Царевич как бы смущенно хихикает, словно извиняясь перед нами, убогими, за свое непомерное счастье.

- После работы пришла, думала, посплю часик и буду доклад делать. В пятницу уже Марине Владимировне сдавать... Просыпаюсь - уже восемь. Забила, в общем, я на этот доклад... - снова извиняющееся хихиканье. - Все равно послезавтра Леша приезжает...

Она делает паузу, чтобы мы смогли до конца осознать весь масштаб ожидаемого события. Вкрадчиво улыбается.

- Сегодня мне написал, что его повысили. Не знаю, у них там какая-то своя система, но я так поняла, он теперь главный у них в отделе... Вот... Опять сегодня стольник мне на счет положил - я же ему намекала, что с деньгами щас пока туго. А спать легла - телефона-то не слышу. Просыпаюсь: тринадцать непринятых вызовов, представляете? Звоню - он трубку бросает, перезванивает, чтоб я деньги не тратила. «Ты что, я тут с ума схожу...» -Царевич, как всегда, льется неудержимым сверкающим потоком.

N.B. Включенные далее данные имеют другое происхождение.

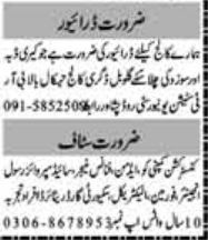 Private Company is looking for candidates for following posts as per job advertisement published in daily Mashriq Newspaper of December 9, 2022 for location Peshawar, peshawar Khyber Pakhtunkhwa KPK Pakistan:

Мои, в кровь содравшие ноги на дорогах любви, молча курят.

- Кстати, Надь, зайдешь ко мне, я тебе фотки покажу с помолвки.

Надя, вечная жертва Царевичевых излияний, кисло улыбается. Шашкина яростно тушит окурок об пол.

- Потом как-нибудь, Оль. Мы сейчас гулять собираемся.

- А-а... - Царевич понимающе усмехается. - С кем на этот раз?

- Да с этими опять, - нехотя начинает Надя, но Шашкина вдруг врывается:

- У которых «Опель-Вектра». У одного там своя фирма. Он меня к себе приглашает офис-менеджером. Ну я еще подумаю, конечно. Не жирно ли ему будет. Офис-менеджера с филологическим образованием. А второй -мажорик - к Наде. Обещал сегодня привезти ей двадцать одну розу, - Надины глаза, и без того огромные, расширяются от радостного изумления. - Че, Надь, пошли собираться. А то приедут, всю общагу разнесут, пока ты там в душе плескаешься... О, опять звонят. Госссподи, ну что ж не успокоитесь-то никак? Аллоу... Привет, привет. Нормально. Сидим вот с Надей, скучаем, да...

- Ну ладно, - понимающе-снисходительно ухмыляется Царевич, - я пойду.

И уплывает обратно в свою сказочную даль.

- Ладно, Ань, я перезвоню потом, давай пока, - сразу меняя тон, сворачивает разговор Шашкина. - Ага, все, давай, до скорого...

Надя мгновенно сникает и натягивает платье на колени.

- Политех так и не звонил? - помолчав, спрашивает она.

- Какой там! - Шашкина, сдвинув брови, утыкается в телефон. - Молчат, твари.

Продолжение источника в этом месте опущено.